Supervised fine-tuning (SFT) is a crucial step for large language models
(LLMs), enabling them to align with human instructions and enhance their
capabilities in downstream tasks. When the models are required to align with a
broader range of downstream tasks, or there is a desire to notably improve the
performance on a specific task, a substantial increase in fine-tuning data
often emerges as the solution. However, we find that large-scale increases in
instruction data can disrupt the world knowledge previously stored in the LLMs,
i.e., world knowledge forgetting. In this paper, we introduce LoRAMoE to
address above challenge.

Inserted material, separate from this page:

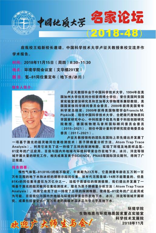 名家论坛(2018-48) 题目:氪-81同位素定年(地下水/冰川) 时间:2018年11月15日(周四)8:30—11:30 地点:十大成人直播平台排行榜 会议室(文华楼201室)

The LoRAMoE is a plugin version of Mixture of Experts
(MoE). The plugin-form ensures the integrity of world knowledge by freezing the
backbone model during the training phase. And we propose the use of localized
balancing constraints to coordinate parts of experts for task utilization,
meanwhile enables other experts to to fully leverage the world knowledge stored
in the models. Experimental results demonstrate that LoRAMoE can reasonly
coordinate experts based on data type during inference, and even dramatically
increasing instruction data does not result in knowledge forgetting. Moreover,
LoRAMoE provides additional benefits for the performance of downstream tasks,
indicating the potential of our approach for multi-task learning.

LoRAMoE 是一种基于插件形式的专家混合模型，通过冻结骨干模型在训练阶段保证了模型中存储的世界知识的完整性；利用局部平衡约束来均衡任务利用，同时有效发挥其他专家对模型中存储的世界知识的作用。实验证明，LoRAMoE 能在推理过程中合理协调专家，即使加大指导数据规模也不会导致知识遗忘；此外，LoRAMoE 对于下游任务的性能提供了额外的优势，显示了我们方法在多任务学习方面的潜力。